I turned to the various holy men who talked about India and religion, spending extra time on Gandhi, who didn’t fit perfectly within this tradition, but was someone I assumed most of them knew. I showed them photos of Allen Ginsberg dropping out in Varanasi and the Beatles going through their Maharishi phase. What did all this have to do with anthropology? Nothing directly. Which is why the bone diggers in the department didn’t like people like me. We gleefully ran away from the pretention that anthropology was a science. I talked about these men to underscore the larger point I was presenting in the class about the traditional methodology of anthropology: going out in the world, making claims about “natives.” It was as much about the anthropologist as it was about the natives, a point I had made more forcefully lately. America’s obsession with these holy men, and their yoga and Hinduism and spirituality, was about our own obsessions, our own sense of loss and emptiness. We can examine our love of yoga, in other words, to learn about the kinds of things we find important—self-care, balance, and peacefulness—qualities that are absent in other parts of our collec
tive cultural lives.
The more I taught, the more I learned that students needed me to be clear about the exact point I was trying to make so that they could repeat it on an exam. And so I ended the lecture with a simple slide that read: “Americans have been so obsessed with these gurus not only because they fulfill our Orientalist desires, but also because they offer an alternative to the culture and religiosity of Christianity. They offer a counterpoint to the emptiness of Christianity and Western life.” I had used the slide before in other lectures, tucked away among others. I had never featured it so prominently, and for a passing moment, I questioned the wisdom of being so explicit about my point.

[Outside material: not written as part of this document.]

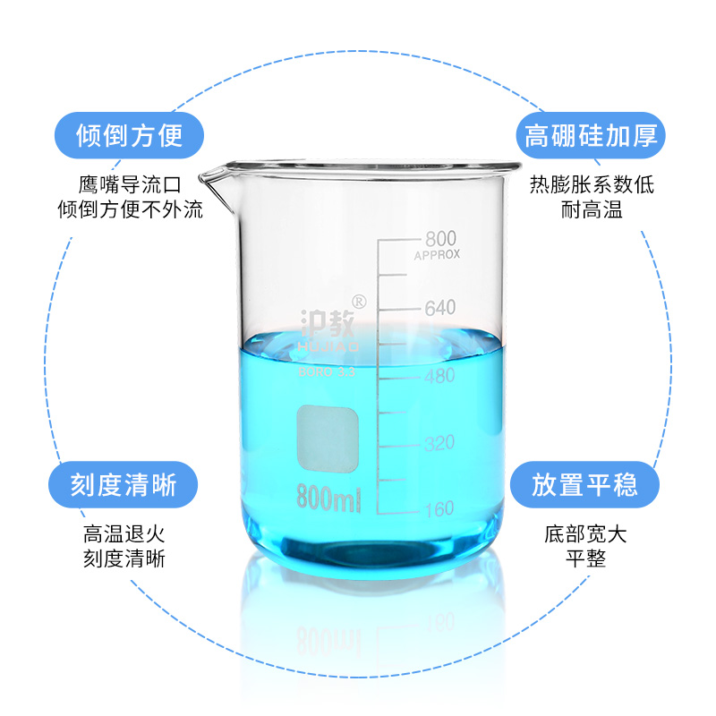 沪教牌高硼硅玻璃烧杯 带刻度量杯初中物理化学生物实验 耐高温耐热刻度杯加厚小学科学教学仪器大号中号小号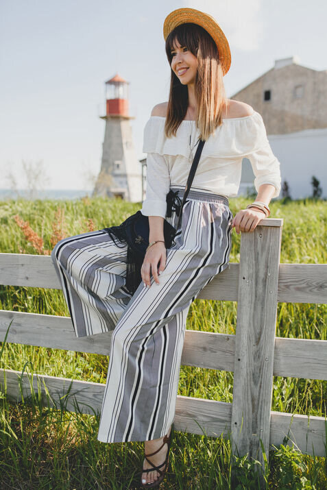 For vacation or summer day go for wide leg or cropped striped linen pant with flowy top and sandal. If you are dressed up for evening dinner wear high waisted striped linen pants with silk blouse and statement jewelry.

Most of the students were typing into their laptops. Some had their phones out, taking pictures of the slide behind me. There had been so many changes in the classroom since I was in their seats, but this one felt the most unnerving. Every time I changed slides, maybe half the class raised their phones and took a picture. I didn’t like seeing myself in photographs, and now there were pictures of me, standing in front of my ideas, stored in phones all across the campus.
I was done. And exhausted. I glanced around the lecture hall.
To the left of the lectern sat a young man who had attended every lecture since the beginning of the term. He always walked in and out of class alone. The few times I had asked the class to discuss an idea with the student seated next to them, he’d sat there by himself, writing in his meticulous notebook—he was always close enough to me that I could see his pages of handwritten notes. He listened intently to what I said, wrote everything down, but never spoke to anyone. Looking at him now, I saw that he was fiddling with his phone; when he saw me watching him, he shoved it in his pocket. I had taught enough, and engaged with enough students, to pick out the loners from the crowd. As loners go, he seemed pretty middle of the pack, but with excellent penmanship.